Cannes 2019 : Motifs du festival #2

Les écrans du feu

Les toiles géantes de Cannes. Espaces blancs de tous les fantasmes, sur lesquels ont été projetés pendant dix jours des milliards de faisceaux d’ombres et de lumières. Parmi ces images, certaines sont revenues tels des mantras. Les flammes y ont imposé leur trace. Puissantes, intenses, symboles de tous les possibles.

La passion. Avant tout. Celle de la fascination amoureuse qui lie l’artiste à son modèle, Marianne à Héloïse, Noémie Merlant à Adèle Haenel. Dans la France de 1770, la robe de la seconde qui prend feu devant les yeux de la première n’en exprime que plus fort le lien ardent qui les unit. De celle qui s’expose à celle qui regarde, la lumière la plus sauvage jaillit et donne son nom au titre du film, Portrait de la jeune fille en feu, captée par Céline Sciamma. La fascination dangereuse ensuite. Celle du héros taiseux de Viendra le feu d’Oliver Laxe, Amador. Un pyromane tout juste sorti de prison pour avoir déclenché un incendie, et qui se retrouve au milieu de sa campagne et de ses bois galiciens, avant qu’un gigantesque feu n’arrive, fatal, et où des contre-feux vont être initiés pour contenir le principal.

Les flammes de la colère, qui naissent dans la cage d’escalier d’un immeuble de cité banlieusarde à Montfermeil dans Les Misérables de Ladj Ly. Quand le cocktail molotov et le briquet ne sont plus que les seules paroles des enfants, et renvoient flics et voyous dos à dos. Les flammes qui jaillissent dans la bâtisse du mariage d’Atlantique de Mati Diop aussi. Une menace annonciatrice du retour des hommes disparus, quand l’exploitation de l’homme par l’homme se fait monstrueuse et réclame justice. Le film s’appelait un temps, La prochaine fois, le feu, en hommage au texte culte de James Baldwin.

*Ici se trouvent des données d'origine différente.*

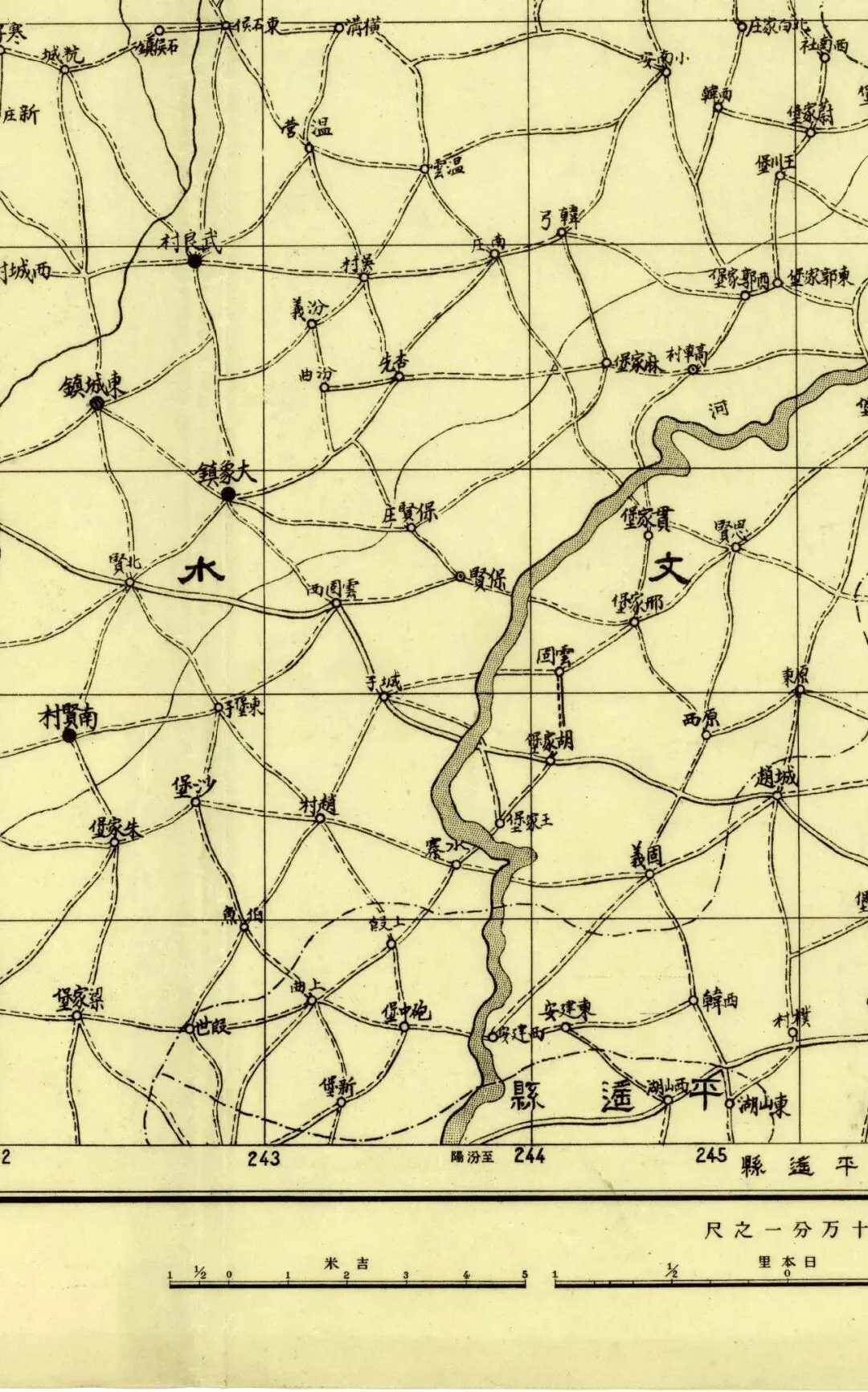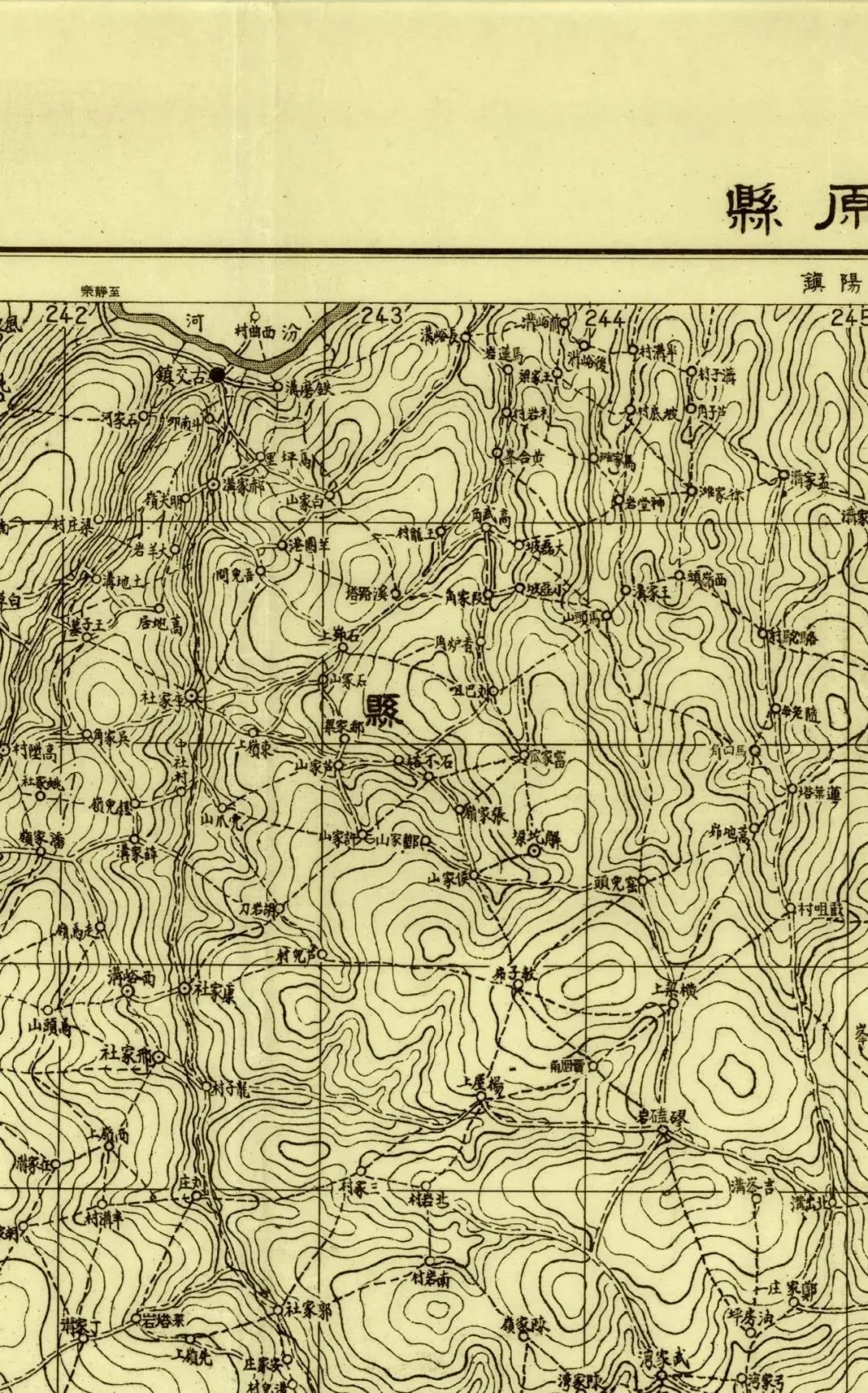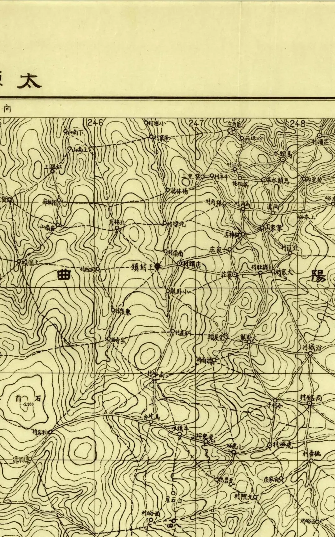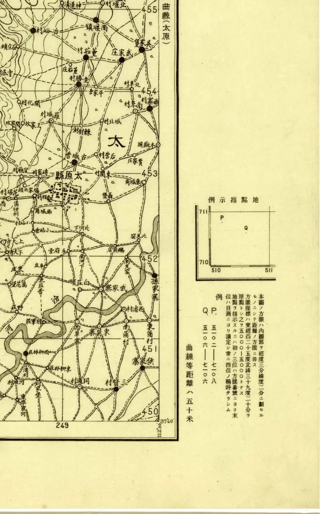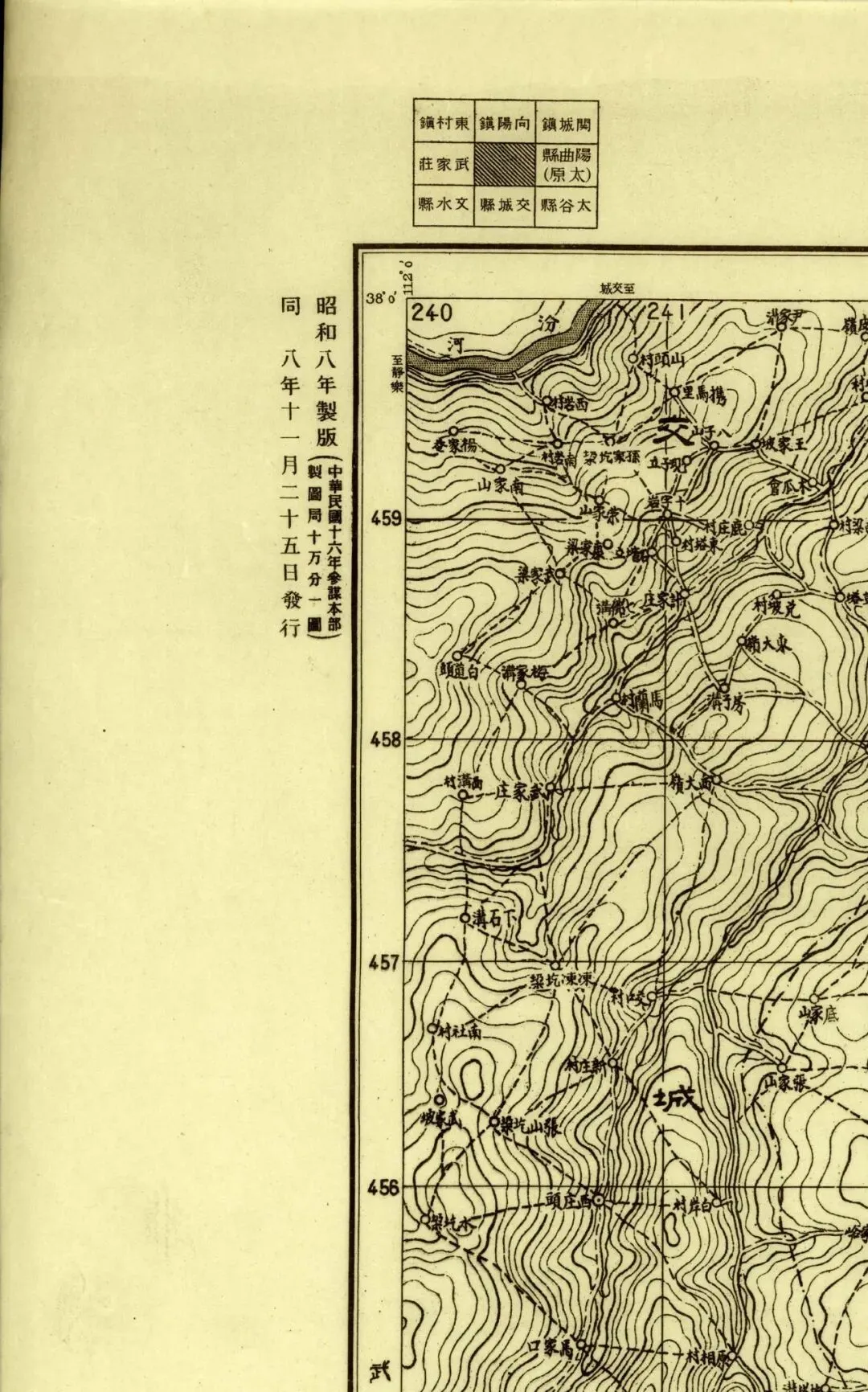 日本人在二十年代的盗测活动曾经涉及到太原县和太谷县,但似乎没有再往西去。所以尽管同为北中国十万分之一图,位置上也挨着,但和东边相邻的《太谷县》和《阳曲县(太原)》并不能拼合。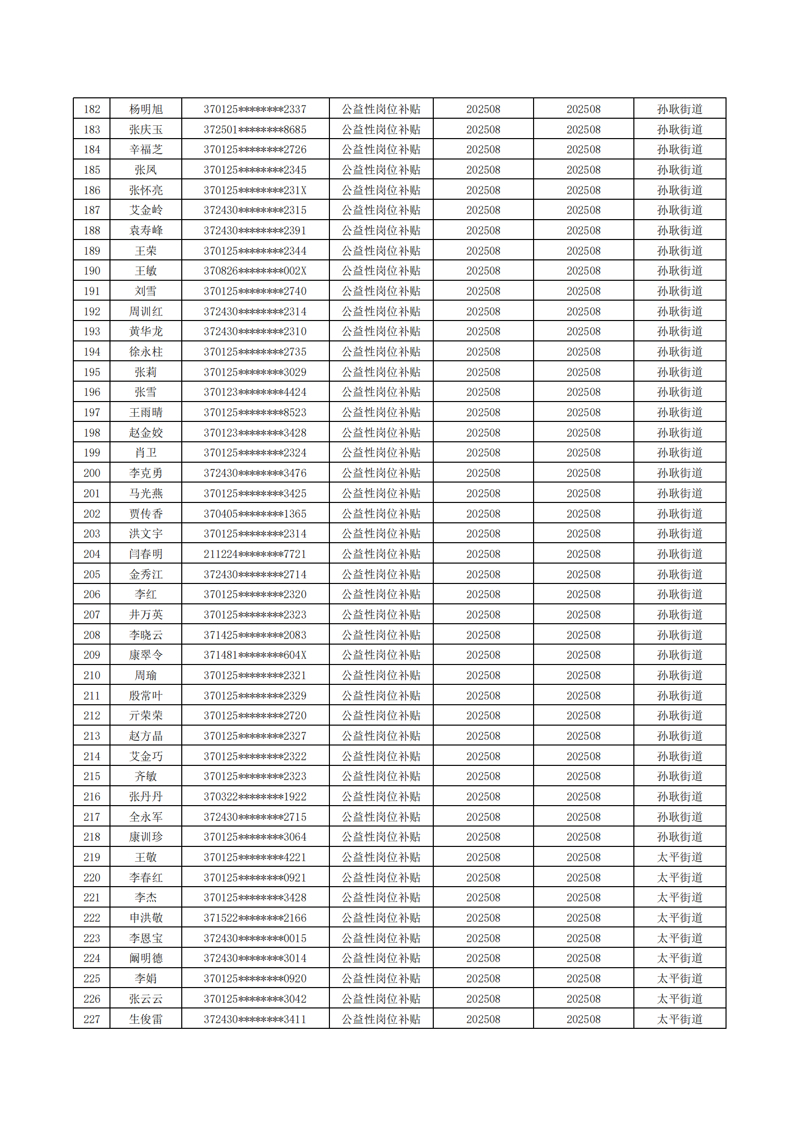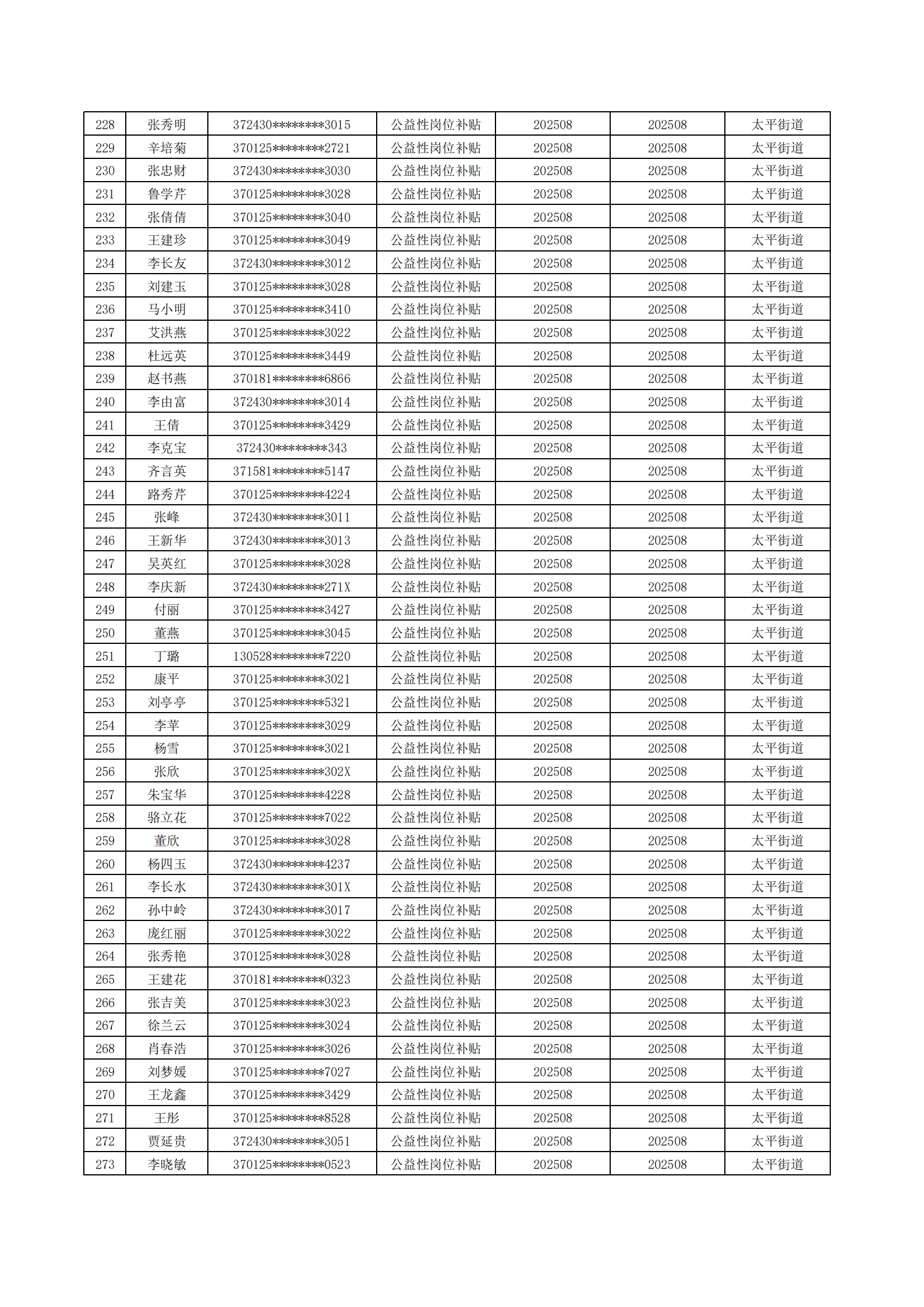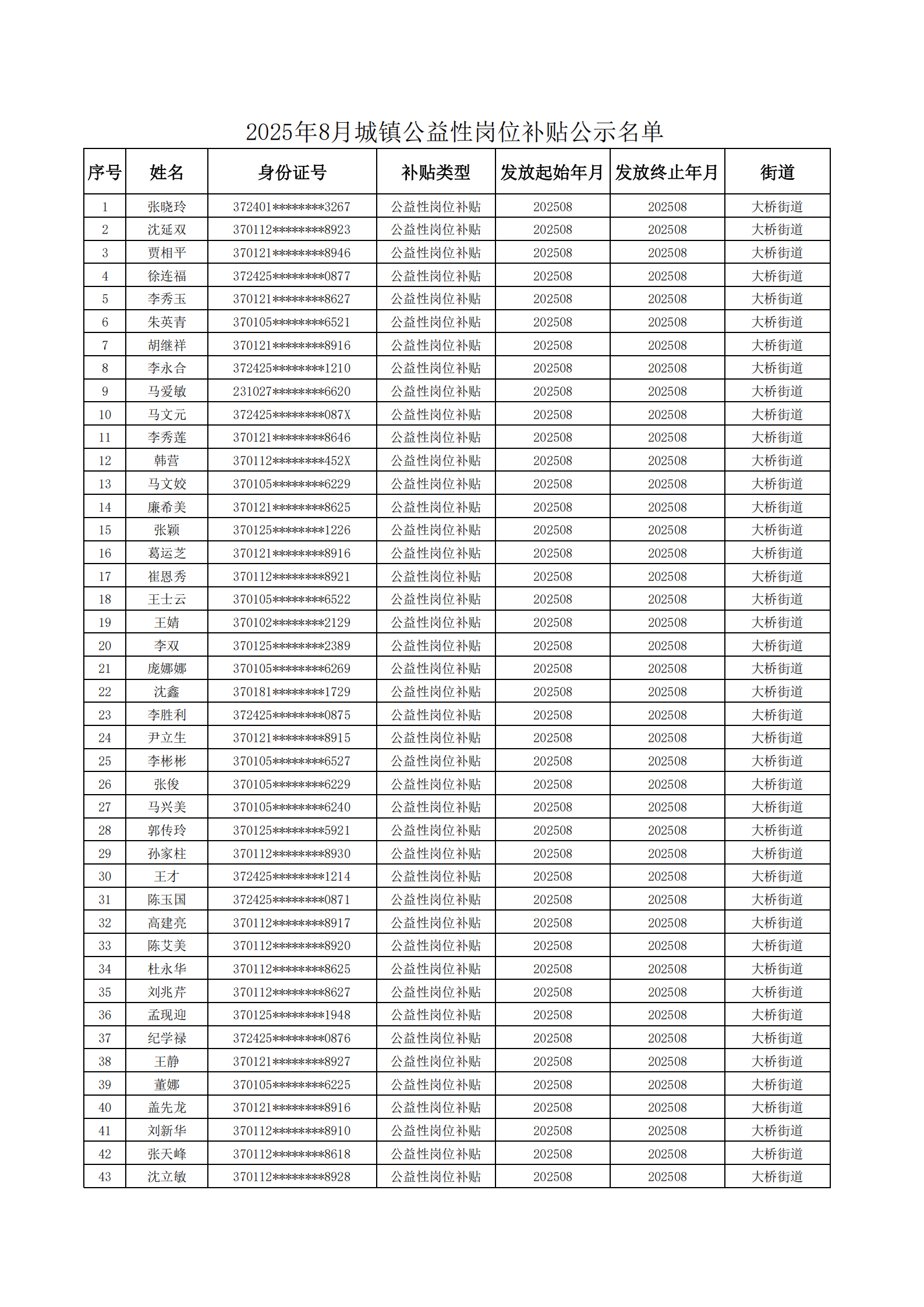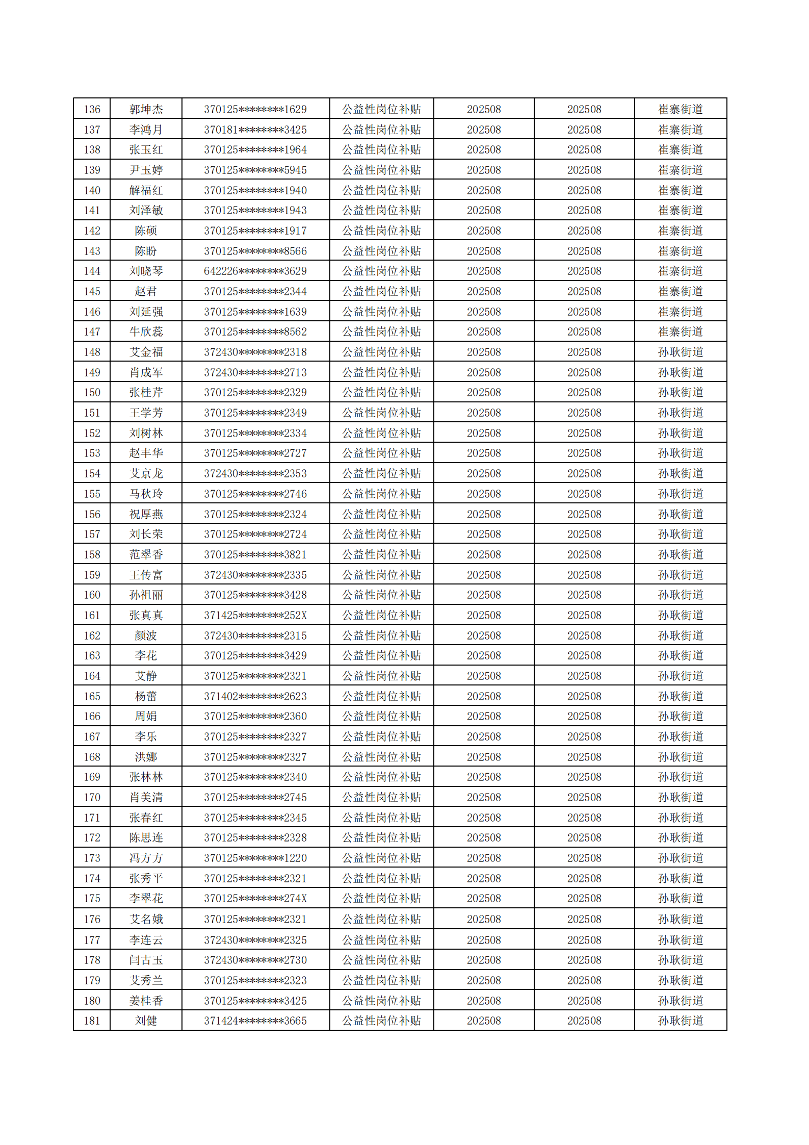 济南起步区2025年8月城镇公益性岗位补贴公示

Roubaix, une lumière d'Arnaud Desplechin. Copyright Shanna Besson.

Restes d’un incendie de misère, déclenché volontairement par trois départs dans un logement de quartier désœuvré de Roubaix, une lumière. Arnaud Desplechin y saisit l’espoir disparu en même temps que les flammes. Un terreau propice aux pires actes, ceux de deux jeunes femmes espérant un semblant de mieux, qui deviendra le pire. Toits de paille enflammés par des mercenaires, pour faire fuir les autochtones, rayer un village de la carte, et empocher le magot d’un politicien véreux, dans la campagne brésilienne de Bacurau. Geste qui précipitera justement le présage de Baldwin, devant la caméra brûlante d’actualité de Kleber Mendonça Filho et Juliano Dornelles.

Les feux de la colère, peut-être ceux de la terre brûlée aussi, dans les paysages traversés, le long du périple ferroviaire roumain du Dernier Voyage à la mer d’Adi Voicu, court-métrage présenté à la Semaine de la Critique, où la suspicion se généralise dans un wagon, huis clos de tous les délires interprétatifs de l’homme sur l’homme. À la Semaine aussi, une cabane de jardin lituanien en flammes, que les voisins regardent, incrédules, entre une baignade et une dînette, dans l’histoire courte Community Gardens de Vitautas Katkus, incarnation irradiante du lien père-fils qui périclite un peu plus tôt à l’écran.

Le feu fun, forcément signé Quentin Tarantino, expert en spectacle de la torture, remplit l’écran de son Once Upon a Time… in Hollywood, quand la vedette de télévision incarnée par une star de cinéma, Rick Dalton par Leonardo DiCaprio, sort son lance-flammes de tournage pour décimer une assaillante en furie, illuminée sous LSD dans sa piscine californienne. Un bûcher aquatique sans appel, qui en annonce d’autres, de bûchers. Celui, fantasmatique, fantasmagorique, épileptique, sur lequel Charlotte Gainsbourg se tortille devant la caméra d’un film signé Béatrice Dalle, toutes deux encadrées par Gaspar Noé dans son moyen-métrage Lux Aeterna, truffé de références cinématographiques, dont celles de Dreyer. Dreyer, cinéaste qui fit de l’héroïne phare morte dans les flammes, la figure d’un de ses chefs-d’œuvre, La Passion de Jeanne d’Arc. Cette même Pucelle d’Orléans, que Bruno Dumont revisite encore une fois, deux ans après Jeannette, l’enfance de Jeanne d’Arc, pour mieux l’accompagner, de la suspicion étatique et cléricale jusqu’à la condamnation à mort, dans Jeanne. La femme étendard, qui périt dans les flammes. Gare aux hommes, ces loups sans scrupules.